О слезах и речи не могло быть: отец отучил меня от этой роскоши давным-давно.
Они били меня долго и обстоятельно. Им никто не мешал. Им не мог никто помешать, да и не хотел, если бы даже и мог.
Когда все кончилось и как, я не помню.
Последняя моя, нецелая, разорванная мысль была о финке: такая финка с ручкой из слоновой кости была хрустальной мечтой моего долгого детства… Последнее смазанное видение: рука, не первой свежести, однако вежливо кладущая рядом со мной мои очки, от близорукости, с диоптриями — 2,5.
Я лежу, свернувшись в клубок. Видимо, успел инстинктивно, а может, и свернули. Иначе я бы точно не поднялся. А так — встаю каким-то чудом, нашариваю очки, стоя на четвереньках, радуясь, что в злобе не раздавили: меня им одного хватило. Поднимаюсь и падаю на лицо. Но лицу, вероятно, уже ничего не больно и не страшно. Говорят, в таких случаях что-то дико болит, жжет и колет. Не… у меня ничего, я просто-напросто не чувствую своего тела, все к черту отбито. Вот уже и чертыхаться начал, это нехорошо, нельзя распускать себя, тем более сейчас, когда вокруг все пустынно и безмолвно. Как и до, и в продолжение, и после. И помогать себе добираться надо самому.
Куда девалась Леночка? Я не знаю. Интересно, проводил ли ее тот хилый или нет. Скромный Ромео. Я шучу, не обращайте внимания. Я всегда неумно или неуместно шучу. По крайней мере, ей они ничего плохого не сделают: любовь к девушке — все-таки великое дело.
Со второй попытки я все же встаю. И не падаю. Оглядываюсь — Бородино, ни дать, ни взять.
До дома я плетусь долго, но своим ходом. Я ведь не пополз, иду.
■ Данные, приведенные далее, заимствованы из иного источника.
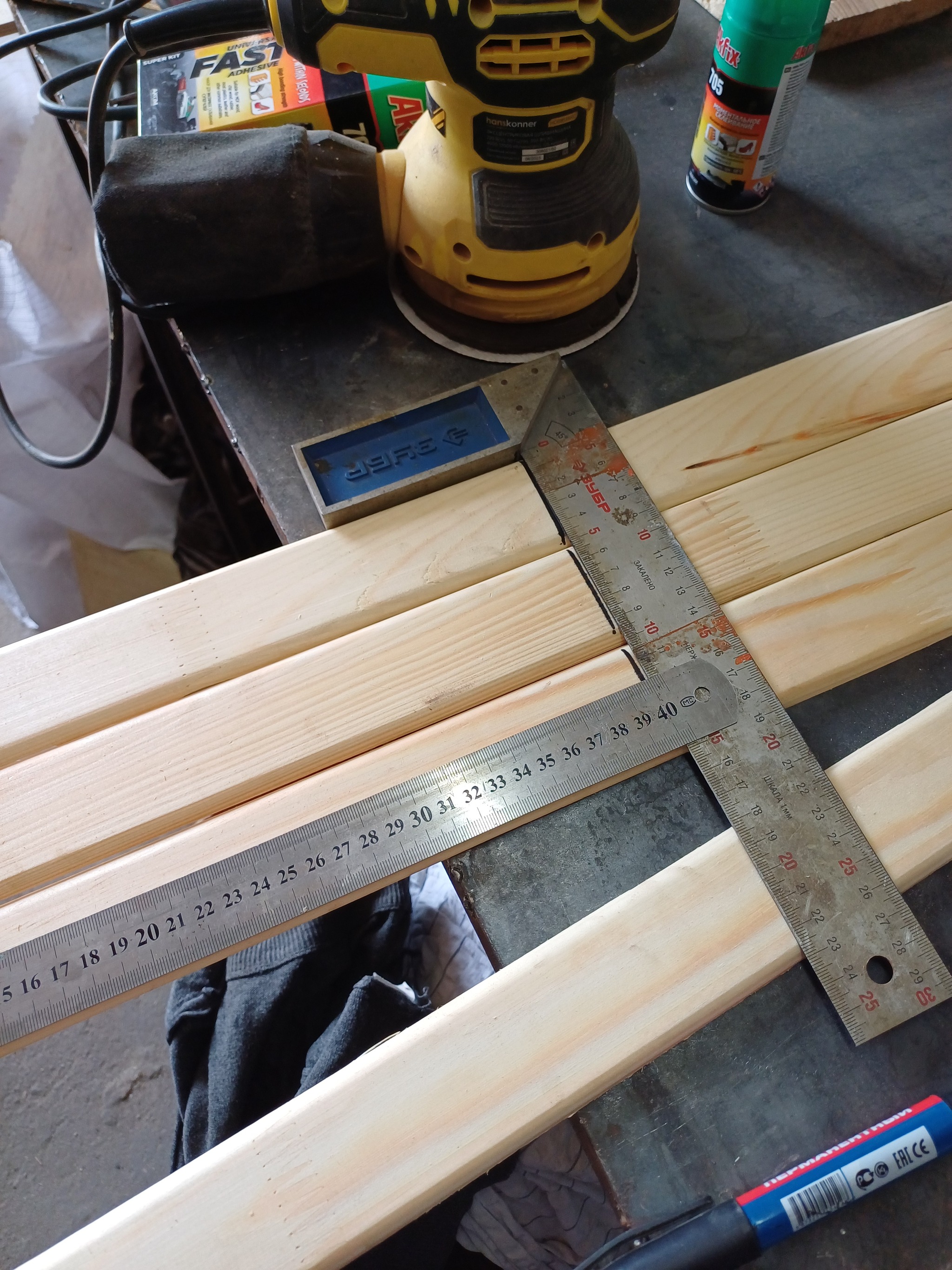 Размечаю 3 детали по 40 см и не щадя живота своего пилю их здоровой такой пилой.

И не поползу никогда.
В арке я падаю, зацепившись непереступившей ногой за железную дверь в воротах, но успеваю отвернуть лицо от асфальта, чтобы не удариться больно. Родителей, к счастью, дома нет, они ушли до утра на свадьбу.
В ванной привожу себя в мало-мальский порядок. Лицо — ничего, только громадная рваная ссадина на левой скуле и вспорота, видно, железной подковкой мокасина нижняя губа. На тело не смотрю — страшно. Пытаюсь быстро, а получается медленно, натягиваю в ванной на себя пижаму, передвигаюсь и, словно срубленный под корень, падаю на простыни виноватым телом в мою невиннейшую постель.
Просыпаюсь я от неожиданно резкого телефонного звонка. Наверно, Леночка печется о моем драгоценном для нее здоровье. Ну да ладно, подойду, хоть узнаю, как она провела оставшийся вечер. Встаю, отрываясь с неимоверным трудом. Вот сейчас все тело дико болит и ноет, как будто с него кожу клочками содрали. Бреду к телефону, он у нас на кухне, попутно успеваю взглянуть на часы — 8 утра, рано — и беру холодноватую на ощупь трубку.
— Доброе… утро, — произносит трубка с непонятным антрактом между словами.
Я отвечаю, что, мол, утро доброе.
— Ну, как ты? — спрашивает она.
Не правда ли, оригинальная постановка вопроса.
— Лучше всех! — радостно отвечаю я.
Воцаряется тишина. Прошло несколько мгновений, прежде чем она снова начала говорить:
— Ты не обижайся на меня…
— Ну, что ты, что ты, — вставил я.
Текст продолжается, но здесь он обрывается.